Quantization of KV caches (storing keys/values in lower precision) combined with paging creates compounded efficiency gains. Prototyping shows that int8 quantization of KV caches with proper calibration loses negligible quality while saving 75% cache memory. Combining PagedAttention with KV quantization is the future of efficient long-context inference at scale.
Hardware-software codesign drives future progress. Custom attention kernels for specific hardware (like NVIDIA H100 or TPU v5) can further optimize PagedAttention. vLLM actively collaborates with hardware vendors to ensure attention implementations saturate memory bandwidth and compute utilization, pushing toward the hardware's theoretical throughput ceiling.
Operating system concepts apply directly to PagedAttention: block tables are like page tables in virtual memory, physical blocks are like frames in memory, and the block allocator behaves like a memory manager. This analogy helps practitioners understand PagedAttention and debug issues. Virtual memory's decades of research on page replacement policies (LRU, FIFO, ARC) could inspire future PagedAttention optimizations.

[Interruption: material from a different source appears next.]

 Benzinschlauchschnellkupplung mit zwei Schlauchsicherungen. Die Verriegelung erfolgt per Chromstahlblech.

vLLM's implementation of PagedAttention on different hardware (NVIDIA, AMD, TPU) required adapting the block size and kernel implementation per platform. Block size choice affects CUDA warp efficiency and memory access patterns. Practitioners running vLLM on custom hardware should profile block sizes to find the Pareto frontier of throughput vs. latency for their workloads.

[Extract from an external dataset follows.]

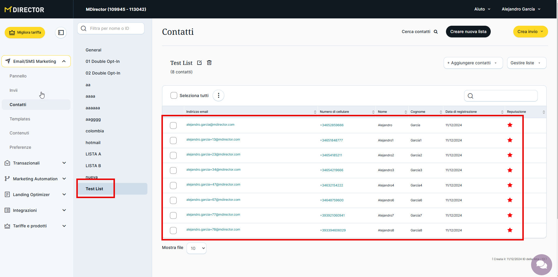 MDirector ti porterà direttamente a questa lista, ma per consultarla in qualsiasi momento, ricorda che puoi farlo dal secondo menu laterale che si apre nella sezione "Contatti" del servizio di Email Marketing.

Preemption and scheduling in PagedAttention systems enable prioritizing requests by priority or deadline. A long-context request can be preempted (saving its state) if a shorter, higher-priority request arrives. Sophisticated schedulers optimize for total throughput, latency, or fairness. Understanding the scheduling policy helps predict inference behavior and optimize for specific deployment requirements.
PagedAttention is an example of hardware-software codesign: the algorithm was designed with GPU memory hierarchy and capabilities in mind. Understanding GPU memory architecture (global memory, shared memory, registers) helps appreciate PagedAttention's cleverness in accessing blocks efficiently. Future hardware-software collaboration will likely follow similar principles—designing algorithms and hardware together for mutual benefit.
Different GPU generations (H100, L100, A100, V100) have different memory bandwidths, cache hierarchies, and compute capabilities. PagedAttention implementations are tuned per-hardware. vLLM maintains separate kernels for NVIDIA, AMD, and other vendors. This specialization extracts maximum efficiency from each platform. Practitioners deploying to new hardware should benchmark and potentially retune block sizes and kernel parameters.
Emerging hardware like specialized AI accelerators (TPU, Cerebras, Transkimoto) may enable further PagedAttention optimizations. Some accelerators have custom memory controllers or programmable hardware that could simplify block management or enable new paging strategies. Following PagedAttention's example, optimal inference will involve algorithms and hardware designed together, not bolted on afterward.